DVD Recorders: Getting Started

By: Bear Cahill

Bells and Whistles

The VHS option is not bad, but you most likely already have one you can plug into the inputs of the DVD recorder.

I have a DVD recorder for archiving TiVo shows as opposed to accessing my TiVo from my PC. This is nice because it means I can also archive VHS tapes, camcorder tapes, etc. w/no extra work.

I do have a TV card in my PC so I can do this, but using the DVD recorder is easier.

My motto is: buy what you WILL use and not what you CAN use.

I've bought lots of things that CAN do a lot, but in reality I don't use all the extra features. Not in all cases, but in this case, I say pass on the bells and whistles.

Again, there are models w/ all types of features, but if you buy one that is a DVR, DVD recorder, VCR, TV tuner all in one and one part breaks, it's all broke.

Realize Something About Technology

Remember - this is new technology and will only get better and cheaper. If you buy the top of the line today, it's going to be out of date and/or cheap tomorrow. Test the waters w/ a 'good' model and upgrade when the time is right.

Editing Your Recordings

Chances are - you won't. It's a pain for the most part and usually requires DVD-RAM or DVD-RW discs to do it and they're more expensive.
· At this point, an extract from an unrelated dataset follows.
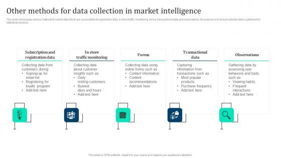 This slide showcases various methods to collect data which are subscription registration data, in store traffic monitoring, forms, transactional data and observations. Its purpose is to ensure reliable data is gathered for statistical analysis. This Strategic Market Insight Implementation Guide Other Methods For Data Collection In Market Intelligence Designs PDF from Slidegeeks makes it easy to present information on your topic with precision. It provides customization options, so you can make changes to the colors, design, graphics, or any other component to create a unique layout. It is also available for immediate download, so you can begin using it right away. Slidegeeks has done good research to ensure that you have everything you need to make your presentation stand out. Make a name out there for a brilliant performance.

If you have a lot of free time for this, you're a rare person.

I was looking for this type of solution in getting ready for having a baby and I knew I wasn't going to be sifting through and editing hours of video.
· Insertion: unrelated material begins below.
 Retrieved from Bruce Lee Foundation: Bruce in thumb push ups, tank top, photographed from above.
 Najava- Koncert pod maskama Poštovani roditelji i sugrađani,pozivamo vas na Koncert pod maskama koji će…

If you're really interested in editing, look in to PC options. Pinnacle, ArcSoft, Adobe, etc. - they have good solutions for that.

DVD+R, DVD-R, DVD-RAM, DVD-RW

DVD+R and DVD-R are like VHS and Beta: they're both ok right now, but eventually we'll probably land on one or the other. It seems to be leaning towards DVD-R which tend to be less expensive also.

Many recorders and players do both, but cost more. I say save some money, pick one (probably DVD-R) and move on. If you pick the wrong one, chances are in a couple years you'll be buying a new one anyway. Moreover, you'll probably be able to get a cheap one w/ a built in converter or two trays to duplicate one to the other.

DVD-RAM and DVD-RW are the rewritable types. They're more expensive and for my purposes aren't worth worrying about.

My Recommendation

I got the Panasonic DMR-E55K:

It records to DVD-R like a VCR. I don't use it to record live TV so I don't use VCR+, but it has it. Also, it has TimeSlip which lets you watch something while it's recording (start recording "24" at 8pm and start watching it from the begining at 8:20 to speed thru commercials like a TiVo). Again, I don't use this, but it has it.

Plain and simple, it records my TiVo, camcorder, digital camera (RCA cable output), VCR, etc. to DVD - that's what I want it to do and that's what it does. It's easy, creates a good menu w/ thumbnails and my chosen titles, it's a name brand w/ good reviews and was fairly cheap (there was a rebate at the time).

Also, it plays CDs and mp3 CDs w/ a good interface so not only does it replace a CD player, but since you can put so many songs on one CD, it replaces a CD changer.

An interesting trick: If you have a digital camera w/ RCA cable output, you can hook it directly into the dvd recorder and create a quick slide-show dvd. Many cameras even have a slide show function built in! You can use the sound from a music channel, CD, etc.

Summary

If you're going gung-ho into all the nitty gritty about DVD recorders, you're either just starting here or haven't bothered to read this far. If you're looking for a good, relatively cheap solution to digitize your tapes, archive TiVo, etc., I recommend the Panasonic DMR-E55K.